À l’âge de l’histoire universelle, les villes-mondes, loin d’être soumises à la loi uniforme des algorithmes, conserveront une identité forte et un esprit singulier.
Des villes nouvelles continueront à sortir de terre, conçues d’emblée comme des écosystèmes soutenables, pilotés par le recueil et le traitement des données, telles Songdo en Corée du Sud, Shenzhen en Chine qui a vocation à jouer un rôle de laboratoire pour la lutte contre la pollution, ou encore les villes créées par Google ou Facebook en Californie. Mais l’enjeu déterminant demeure l’adaptation des mégalopoles existantes, qui devront à la fois croître et repenser leur organisation, leur mode de développement et leur gouvernance.
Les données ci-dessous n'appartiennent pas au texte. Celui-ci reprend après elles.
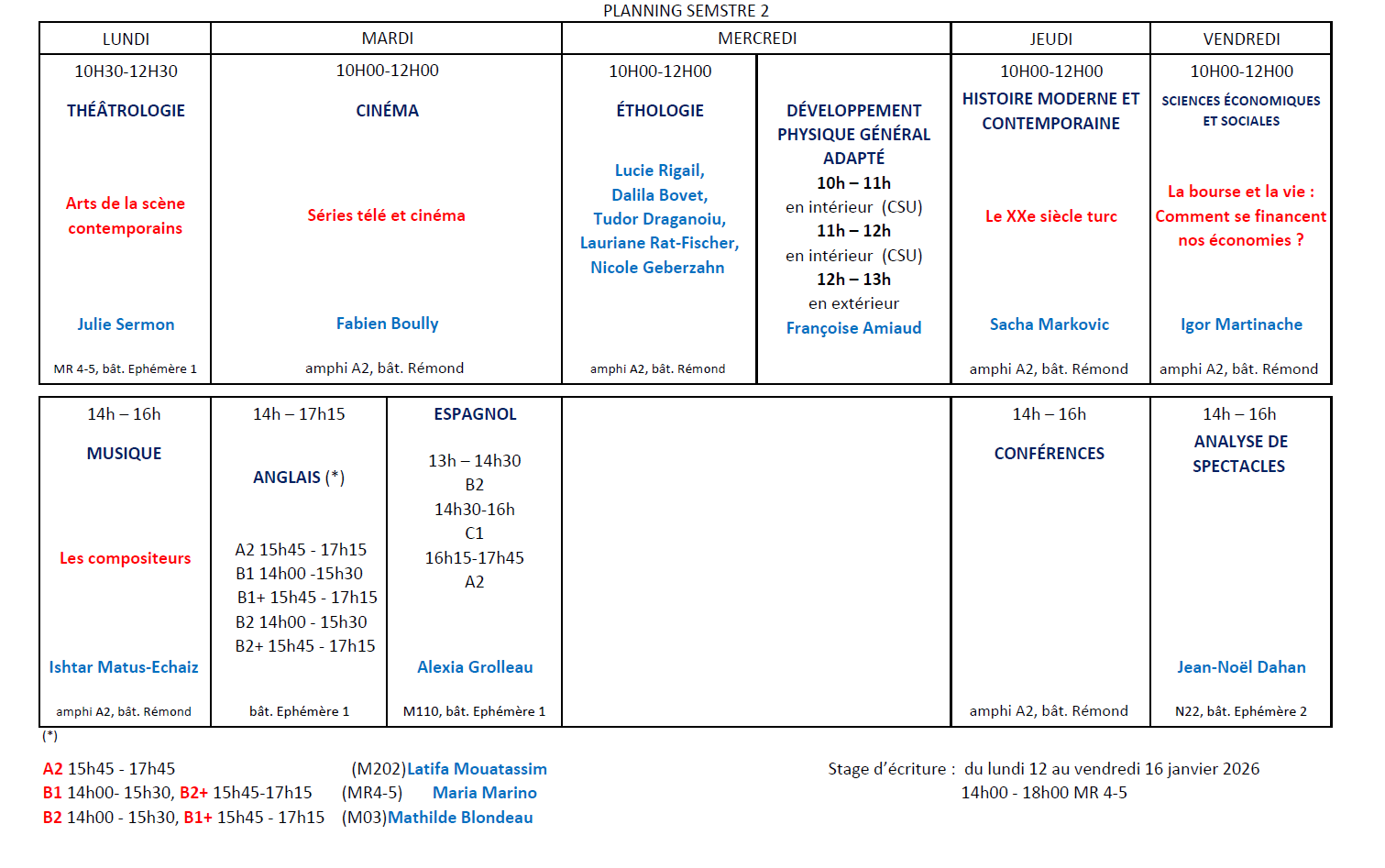 L'inscription pour les enseignements du semestre 2 est possible jusqu'au 23 janvier 2026.
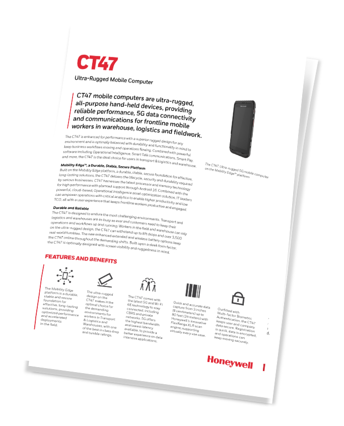 Honeywell CT47, der er baseret på Mobility Edge™-platformen, er en ultra-robust, alsidige mobilcomputer, der sikrer pålidelig ydeevne, 5G-datakonnektivitet og kommunikation for frontlinjearbejdere inden for logistik, lager og feltarbejde. Kraftfuld

Les technologies de l’information joueront un rôle central avec l’émergence des villes intelligentes, mais elles relèvent des moyens et non des fins. Elles devront être mises au service des grands objectifs qui détermineront le succès des villes-mondes : le développement économique fondé sur l’innovation et la valorisation optimale des ressources humaines ; la croissance inclusive indissociable de la qualité de l’éducation et de la santé ; l’insertion dans un réseau de villes-relais et la mobilité ; l’évolution vers un modèle de ville durable et propre (les villes concentrent 80 % des émissions de gaz à effet de serre sur 2 % de la surface de la planète) ; l’endiguement de l’étalement urbain ; la sécurité via la prévention et la gestion active des risques ; l’association des citoyens aux décisions et la décentralisation du pouvoir.
Le réseau des villes-mondes redéfinit la hiérarchie des nations et des continents. Au moment où Londres voit son statut remis en cause par le Brexit, il est vital que l’Europe continentale dispose d’un ou deux de ces nœuds de la mondialisation. Les nombreux atouts de Paris ont été annihilés par le décrochage de notre pays et par la gestion calamiteuse de la capitale, qui s’est coupée tant de sa région que du monde du XXIe siècle tout en cumulant insécurité, insalubrité, thrombose et hausse de la pollution. Il est très heureux que le succès spectaculaire des métropoles comme Lyon, Bordeaux ou Toulouse mette fin au tableau de notre pays réduit à Paris entouré d’un désert. Mais le redressement de la France est indissociable de l’accession de Paris au rang de ville-monde. Voilà pourquoi il est vital de relancer le projet du Grand Paris au lieu de laisser notre capitale dépérir.